◆ Task input
>>>
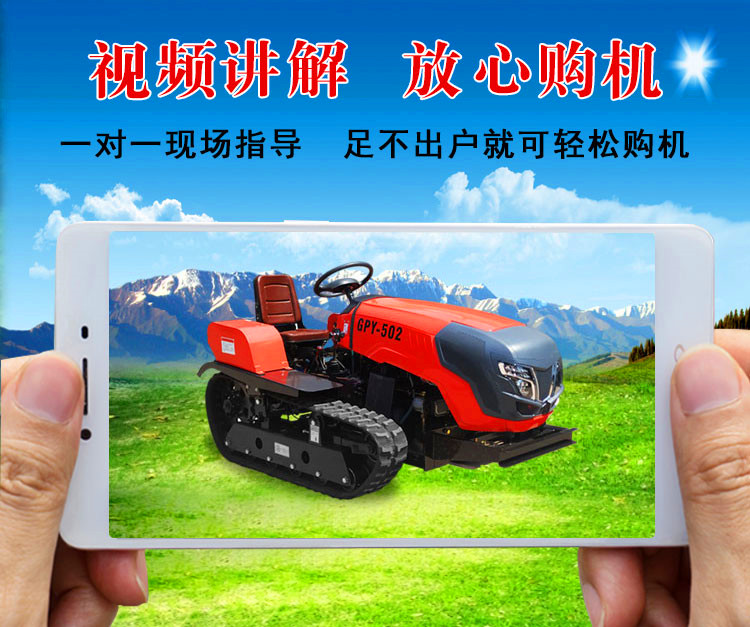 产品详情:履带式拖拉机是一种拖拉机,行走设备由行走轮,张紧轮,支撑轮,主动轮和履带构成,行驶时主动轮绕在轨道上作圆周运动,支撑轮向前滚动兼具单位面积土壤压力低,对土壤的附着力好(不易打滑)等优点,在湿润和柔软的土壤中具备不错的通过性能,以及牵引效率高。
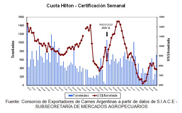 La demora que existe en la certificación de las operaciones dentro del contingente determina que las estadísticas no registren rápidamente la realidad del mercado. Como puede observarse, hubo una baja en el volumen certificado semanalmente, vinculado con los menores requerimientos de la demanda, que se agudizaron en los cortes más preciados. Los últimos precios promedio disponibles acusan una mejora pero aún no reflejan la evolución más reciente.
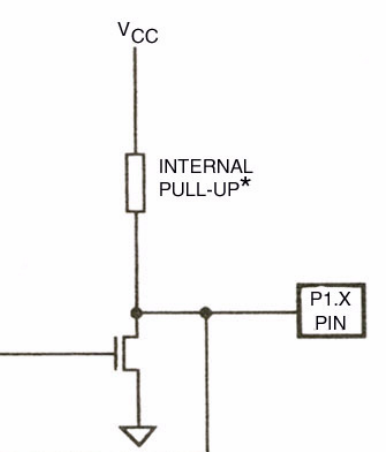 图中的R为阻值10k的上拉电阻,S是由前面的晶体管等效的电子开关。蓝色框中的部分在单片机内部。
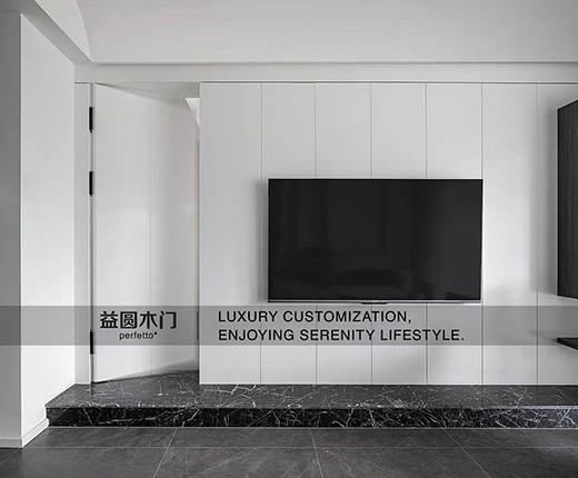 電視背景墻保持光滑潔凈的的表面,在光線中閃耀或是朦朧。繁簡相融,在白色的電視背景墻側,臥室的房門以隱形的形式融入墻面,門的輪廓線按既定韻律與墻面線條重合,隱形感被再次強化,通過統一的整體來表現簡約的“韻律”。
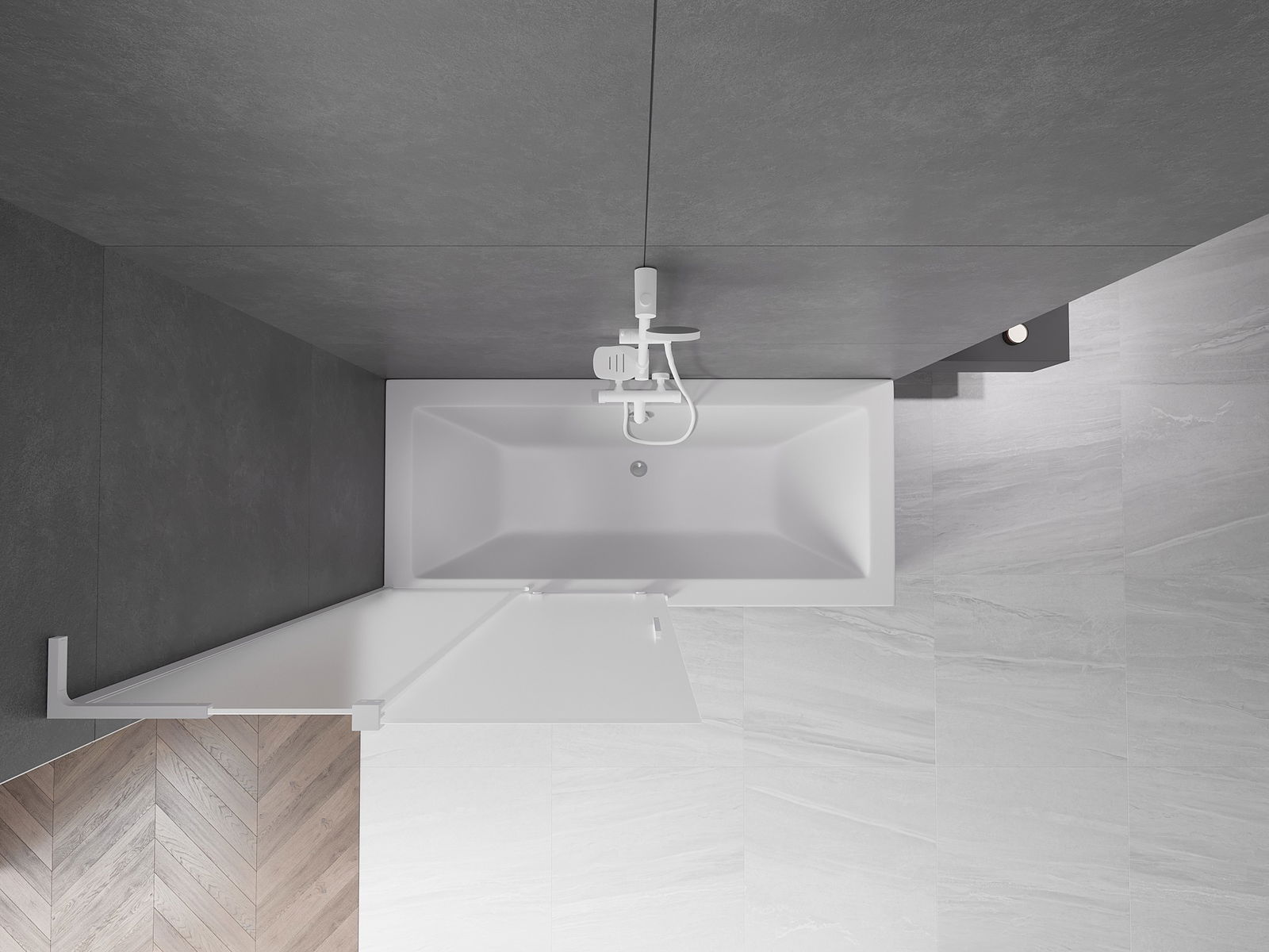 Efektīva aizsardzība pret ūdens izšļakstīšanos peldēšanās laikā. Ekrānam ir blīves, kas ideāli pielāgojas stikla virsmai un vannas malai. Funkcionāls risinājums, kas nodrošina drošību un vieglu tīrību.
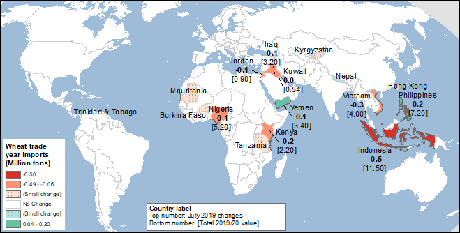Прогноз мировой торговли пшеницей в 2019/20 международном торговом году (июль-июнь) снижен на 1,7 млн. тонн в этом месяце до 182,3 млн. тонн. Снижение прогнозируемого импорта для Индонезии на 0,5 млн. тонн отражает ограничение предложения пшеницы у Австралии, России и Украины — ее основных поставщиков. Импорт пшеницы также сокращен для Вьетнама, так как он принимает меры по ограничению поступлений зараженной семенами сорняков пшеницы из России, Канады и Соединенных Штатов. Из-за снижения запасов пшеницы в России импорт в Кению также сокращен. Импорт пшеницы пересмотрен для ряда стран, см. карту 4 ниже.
<<<
>>>
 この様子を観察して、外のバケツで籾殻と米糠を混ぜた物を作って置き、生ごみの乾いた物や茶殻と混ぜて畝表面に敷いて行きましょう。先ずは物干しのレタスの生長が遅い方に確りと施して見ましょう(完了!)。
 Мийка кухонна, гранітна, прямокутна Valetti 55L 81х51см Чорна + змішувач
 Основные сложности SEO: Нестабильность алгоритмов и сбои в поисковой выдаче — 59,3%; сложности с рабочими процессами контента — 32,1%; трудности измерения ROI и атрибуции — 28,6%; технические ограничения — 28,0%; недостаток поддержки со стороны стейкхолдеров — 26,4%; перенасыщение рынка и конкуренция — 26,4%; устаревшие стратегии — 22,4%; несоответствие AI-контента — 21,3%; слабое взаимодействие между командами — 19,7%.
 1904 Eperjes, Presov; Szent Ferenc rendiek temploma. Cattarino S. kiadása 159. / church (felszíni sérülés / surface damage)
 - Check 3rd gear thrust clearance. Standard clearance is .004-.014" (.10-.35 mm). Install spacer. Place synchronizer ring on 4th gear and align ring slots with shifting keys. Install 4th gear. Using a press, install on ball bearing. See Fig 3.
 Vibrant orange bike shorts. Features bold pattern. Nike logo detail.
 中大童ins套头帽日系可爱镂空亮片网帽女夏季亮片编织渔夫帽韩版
<<<
>>>
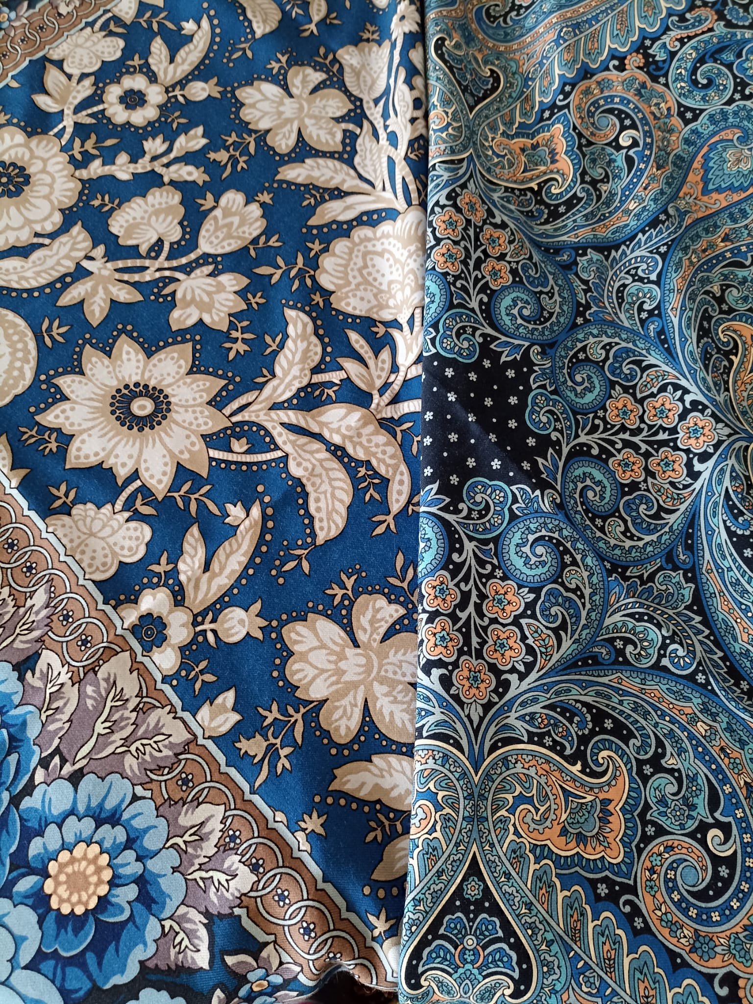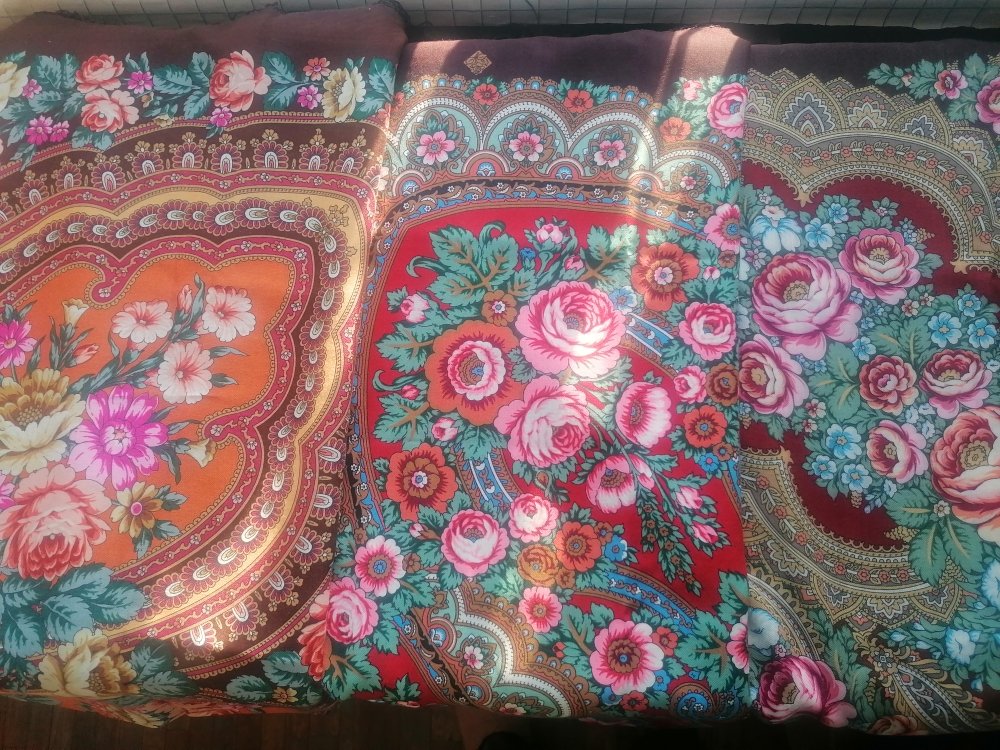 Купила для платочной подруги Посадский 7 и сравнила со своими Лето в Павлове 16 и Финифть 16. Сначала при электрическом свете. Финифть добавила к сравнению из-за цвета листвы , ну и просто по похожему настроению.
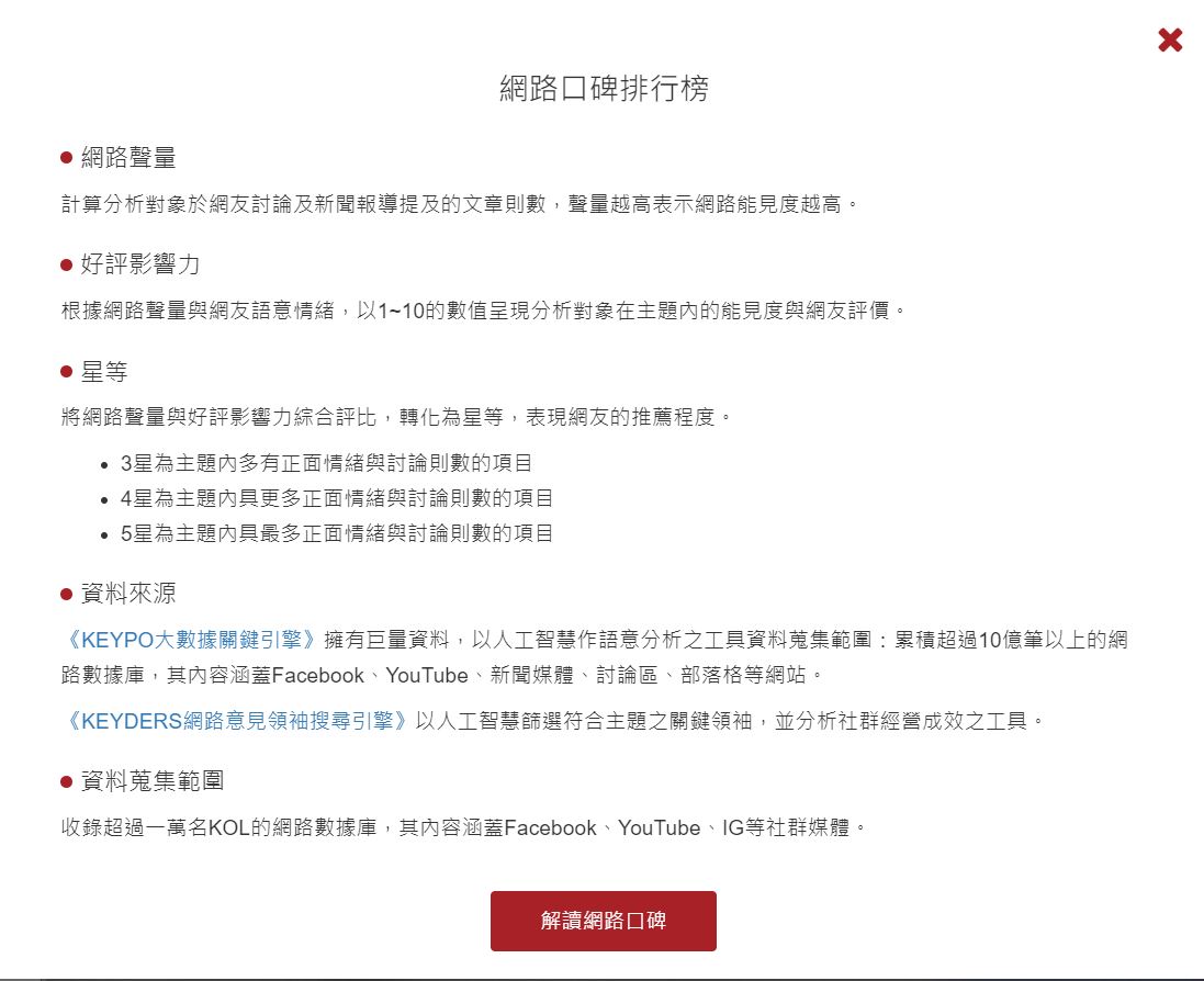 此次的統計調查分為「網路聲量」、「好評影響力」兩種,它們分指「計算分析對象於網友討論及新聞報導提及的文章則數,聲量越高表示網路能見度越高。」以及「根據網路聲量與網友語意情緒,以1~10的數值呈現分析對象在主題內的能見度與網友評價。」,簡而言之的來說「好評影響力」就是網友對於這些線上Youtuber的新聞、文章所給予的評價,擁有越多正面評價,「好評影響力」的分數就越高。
<<<
◆ Activity
Write out exactly the lines above between the line with "- Check 3rd" and the line with "中大童ins套头帽日系可爱镂空亮片网帽女夏季亮片编织渔夫帽韩版", inclusive, and nothing beyond them.

◆ The answer
 - Check 3rd gear thrust clearance. Standard clearance is .004-.014" (.10-.35 mm). Install spacer. Place synchronizer ring on 4th gear and align ring slots with shifting keys. Install 4th gear. Using a press, install on ball bearing. See Fig 3.
 Vibrant orange bike shorts. Features bold pattern. Nike logo detail.
 中大童ins套头帽日系可爱镂空亮片网帽女夏季亮片编织渔夫帽韩版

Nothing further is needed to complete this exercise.